Zabierz mnie na lake. Rozkochaj. Niech w zagle wiatr zlapie. Pocaluj i przytul. Badz blisko. Za reke wez.

Rozkochaj do tchu utraty. Uzaleznij. Tlenem sie stan. I w ledzwiach plomieniem. Calym swiatem badz. Miloscia spojrzenia. Dotyku tkliwoscia...

Badz...

 

 

kotka_psotka : :
paź 30 2002 Zalozmy sekte!
Komentarze: 20

Szaro, ponuro, mgla, deszcz...Obrzydliwie. Nie chce sie nigdzie wychodzic... Tylko, ze trzeba. Fajnie by bylo nic nie musiec. Wygrac w totka i lac z gory na obowiazki.

Echhh, zycie przecietnego zjadacza chleba jest okropne.

Ej, zalozmy jakas sekte, czy co.
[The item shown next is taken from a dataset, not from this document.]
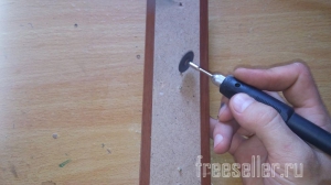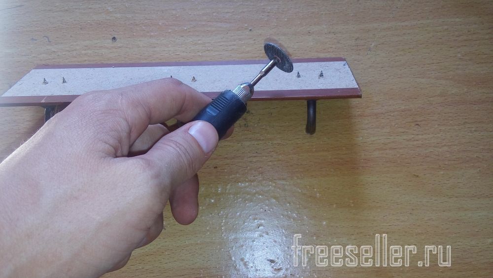 Так как саморезы немного длиннее, чем заготовка от ключницы, то кончики их вышли наружу и что бы все было гладко, нужно при помощи бормашинки постачивать их.

Bedziemu ludzim wciskac ciemnote, a oni beda nam za to oddawac dorobek swojego zycia plus emeryture tesciowej. Kontestator bedzie sia zabawial z Azrokiem, normalny to wszystko nagrywal, a sang kupi sobie wyrwornie wafelkow. Bedzie jadl, jadl, az dostanie zatwardzenia i rozerwie mu kiszke stolcowa. Cos sie przynajmniej bedzie dzialo.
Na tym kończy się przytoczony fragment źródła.